What nationalization will mean is that EVERYONE's health care is rationed.

Something that is generally missed in the health care debate is that socialist systems are much, much, much more likely to refuse treatment for marginal cases. This is not only because of the rationing, but also because if you treat someone and they die, that affects your statistics.

This is why socialist health care countries, esp. in Europe, claim to have "better outcomes" than the U.S. system -- they don't treat the marginal cases we do. This affects the statistics for everything from cancer treatment to infant mortality (it's very common in Europe for troubled pregnancies to be aborted by the physician, sometimes without even informing the parents there are other options).

Talldave   ·  February 11, 2009 09:37 AM

chuckR,

It is worse than you think. For oldsters declining Medicare is not an option.

M. Simon   ·  February 11, 2009 01:32 PM

Just to be clear, Physics Geek and Penny pretty much made my points for me. And the question is precisely whether or not we're going to let the kid with leukemia die. [Cf. Tiny Tim's crutches by the fire or the Good Old Days of dramas like "I Remember Mama" and the hopes that the family will manage to save up for the operation before Grandma dies or permanently loses her sight ...]
I'm sorry to say that Newsweek (Time?) appears to be in some basic fashion correct—we're all now socialists to one degree or another. We already DO have rationed, nationalised health care. The only serious question is how, and on what principles, we go forward.

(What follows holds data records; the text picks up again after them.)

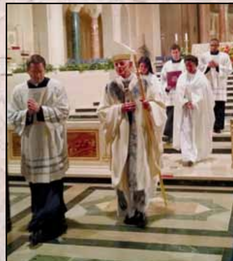
The recessional after the Mass.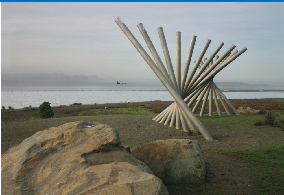
Oyster Bay Regional Shoreline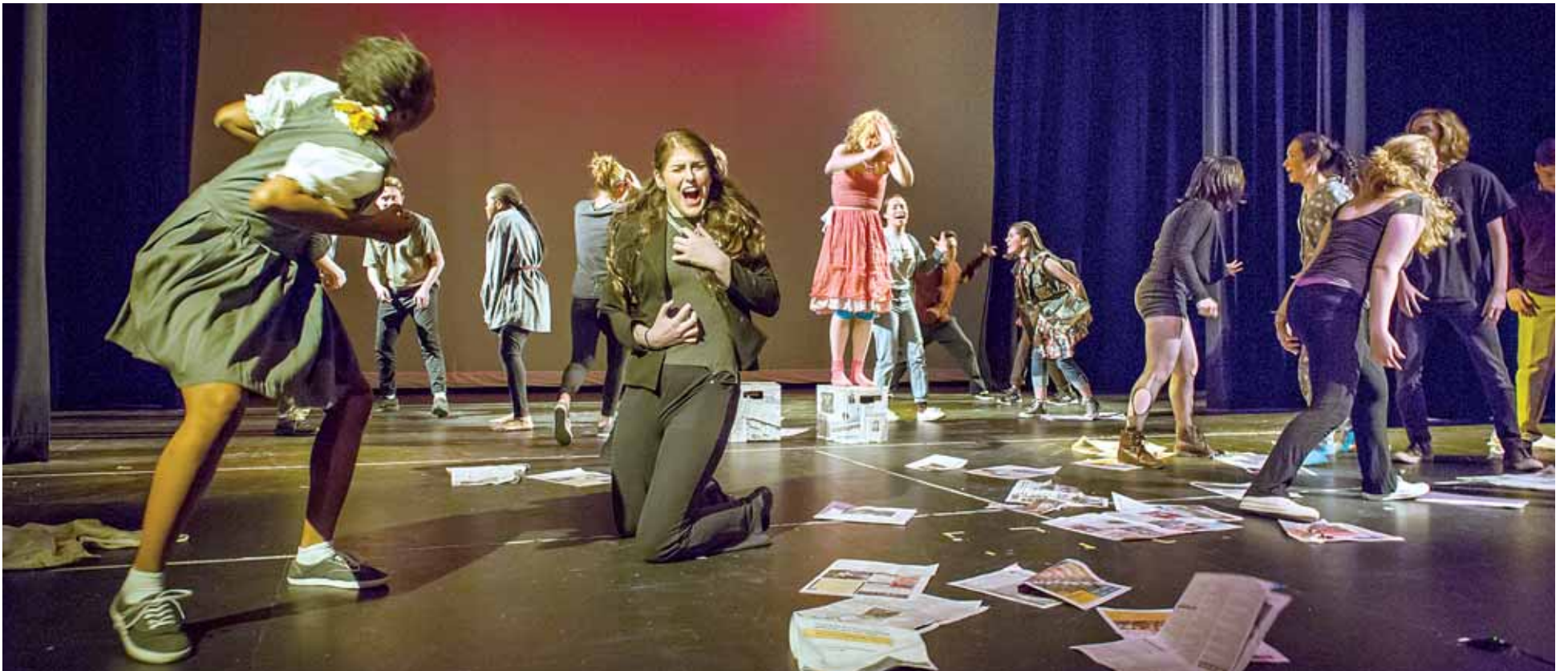
Yorktown Theatre is doing an encore performance of "Voices Out of Chaos" on Friday, Jan 19 at 7 p.m.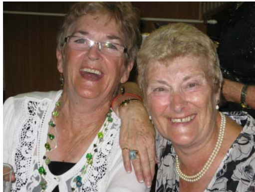
The Tartan Terrors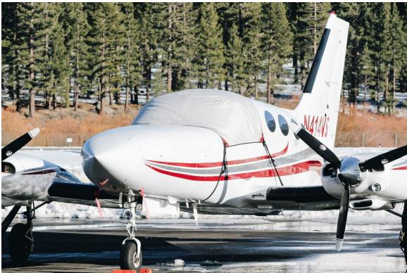
Cessna 414 Cockpit Cover

Covers developed this material combination especially for aircraft protection. The outer material is medium weight and treated for water resistance, UV resistance and anti-static buildup. The inner lining is a very soft and smooth microfiber to prevent scratching. The material is very reflective, and tests show that the cabin interior temperature can be reduced to near-ambient temperature on the hottest of days. It is water, ice and snow repellent, yet breathable to allow moisture to escape from between the cover and the aircraft surface.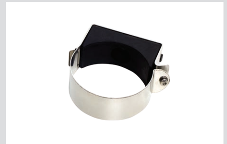
Stainless steel clamp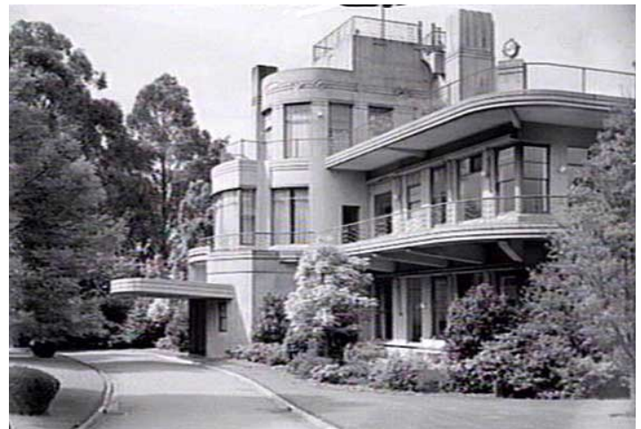
View from driveway, 1947.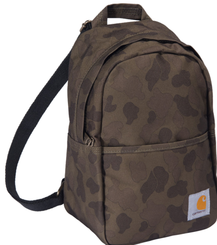
B0000402-903 Duck Camo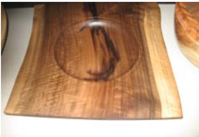
Jay Richens' Walnut platter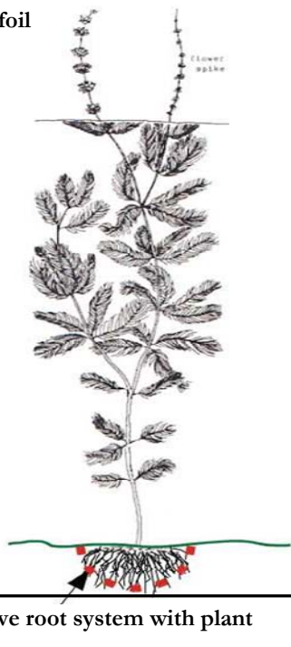
Eurasian water milfoil "EWM"

Hopefully this sketch can help you to understand the task.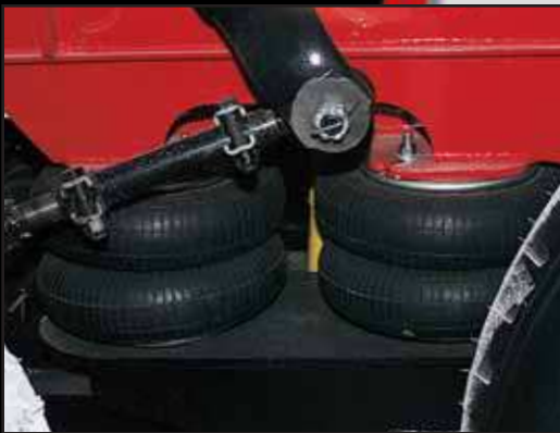
Raydan™ air-ride suspension front and rear provides a smooth ride and precise handling. Optional air-ride lift system holds the rear axles level while the crane is on outriggers.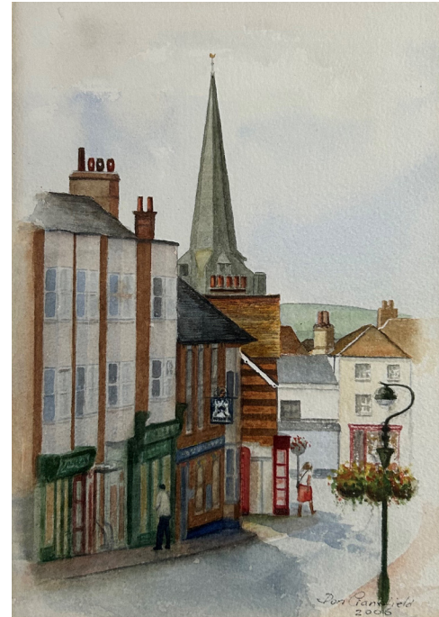
LOT 16 Cuckfield Artist Don Cranefield 2006 The High Street, Cuckfield Watercolour Double elliptical mounts within a Frame size: 31x22cm (12x8½ins) Starting bid: £40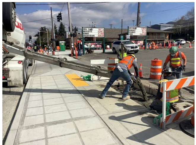
15th Ave S and S Columbian Way crossing improvement for Mercer Middle School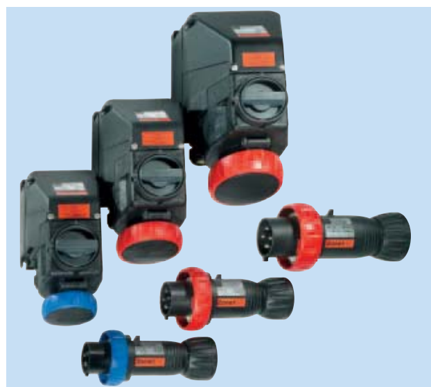
Figure 7: SolConeX-plug and socket system 16A and 32 A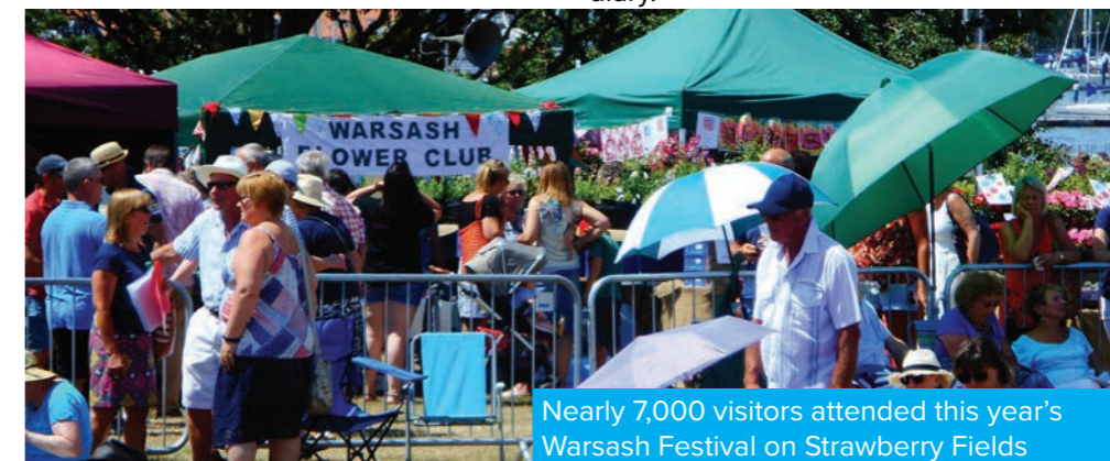
Nearly 7,000 visitors attended this year's Warsash Festival on Strawberry Fields

The next Festival is scheduled for 2021, so remember to put 3 July 2021 in your diary.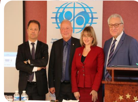
14 th EURO INBO Conference, Lourdes, France – October 2016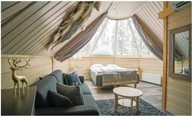
Northern Lights Village | Saariselkä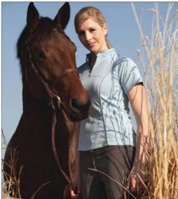
g.r.a.s.s. Climate Shirt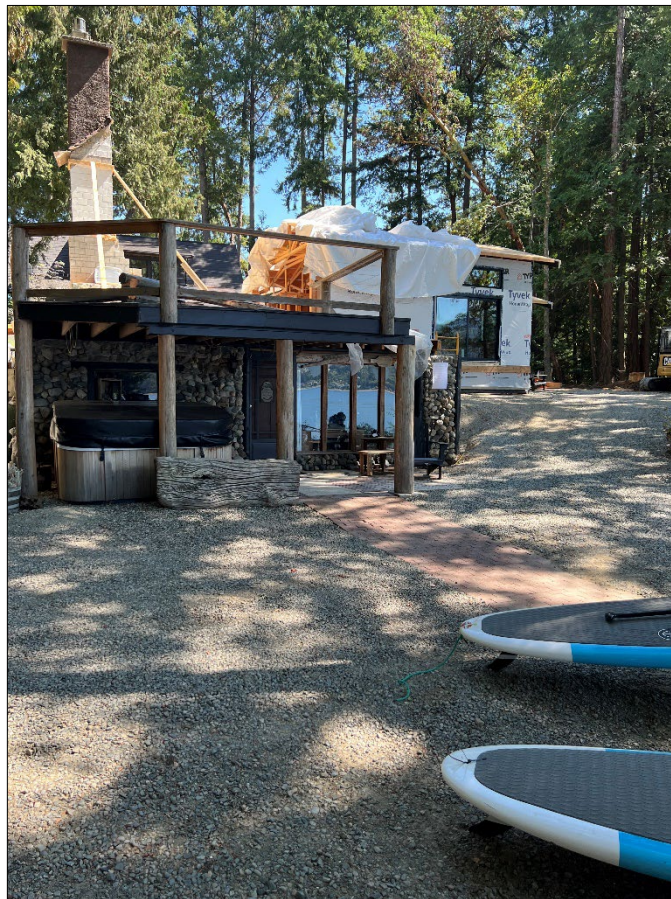
Existing dwelling foundation and deck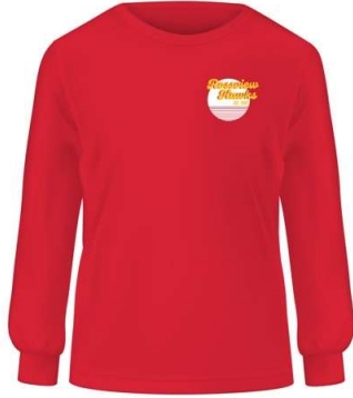
FRONT Imprint Size: 4 X 3.2 in.

Last day to purchase sweatshirts will be January 31st.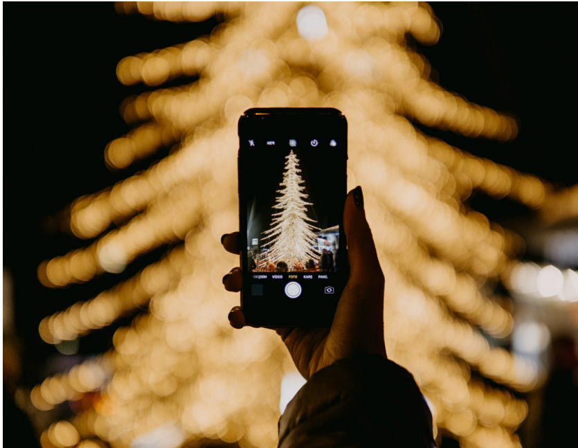
Anticipating Christmas: What Advent is all about.

At the foot of the cross in downtown St. Petersburg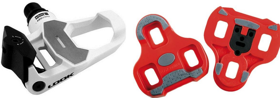
Look Kéo Pedaling System for road racing bikes. Former system is incompatible (before 2004)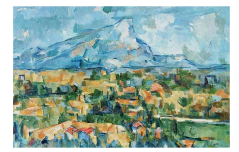
Mount Sainte Victoire (1895 left, 1904 right)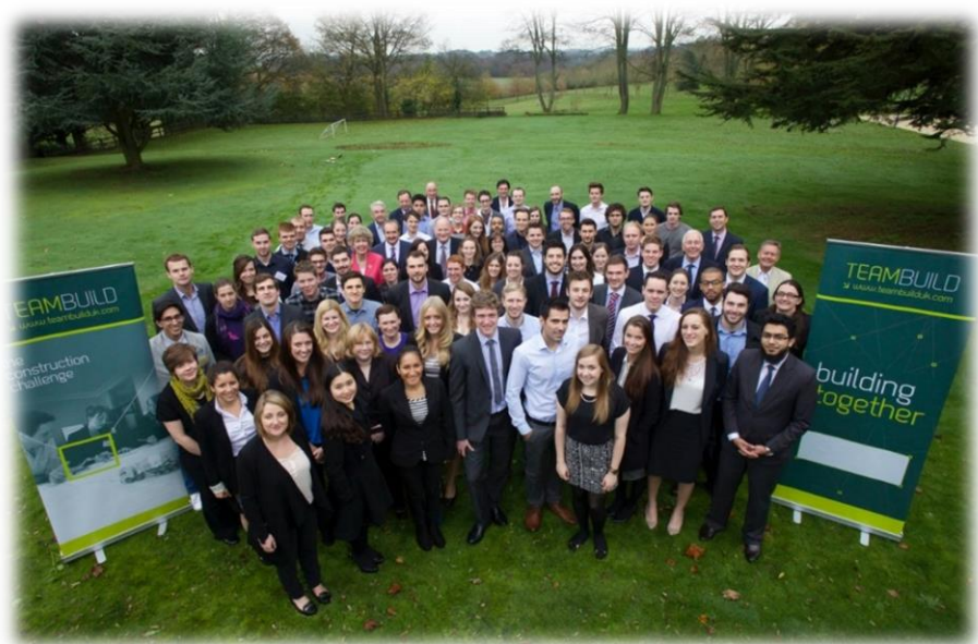
The competitors and Judges at TeamBuild 2014

The objectives of Teambuild focus on developing skills in leadership, communication and coordination beyond the sum of the of the individual's skill. The competition helps identify the way teams must work together in the construction industry by challenging them with scenarios common to construction projects across the UK.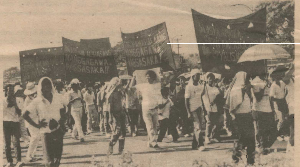
Revolutionary workers in May Day action in Manila.

At the May 1st rally, revolutionary activists also circulated leaflets calling for the establishment of an independent revolutionary movement of the proletariat. They agitated in favor of a movement that would not tail behind the Aquino government and the bourgeoisie and that would be free from the vacillations of petty-bourgeois revisionism — these are problems which have marked the politics of the CP of the Philippines and organizations associated with it such as the KMU. □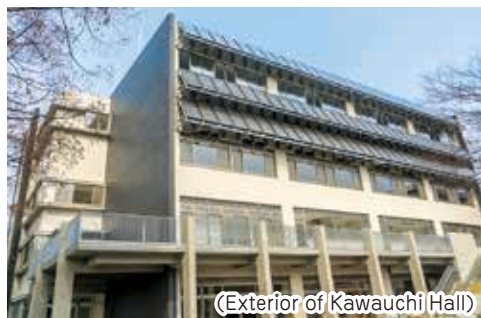
(Exterior of Kawauchi Hall)

italtrav   ·  February 12, 2009 09:29 AM

Why does the wide availability of scans cause such despair? The profiteering has been done only by elite "non-profits." The market is at work and, left alone, will produce this technology more and more cheaply.

You ask a snide question, I'll match the anwer to your tone: WalMart Medical Clinic. That's the model. I trust them as much as Saint Pankratz Community Health Maintenance Ctr Inc. and you don't have to be a Party member to get an appointment.

I have driven over into the future, and it works. Socialism can be treated now, you know. It's curable. There's hope.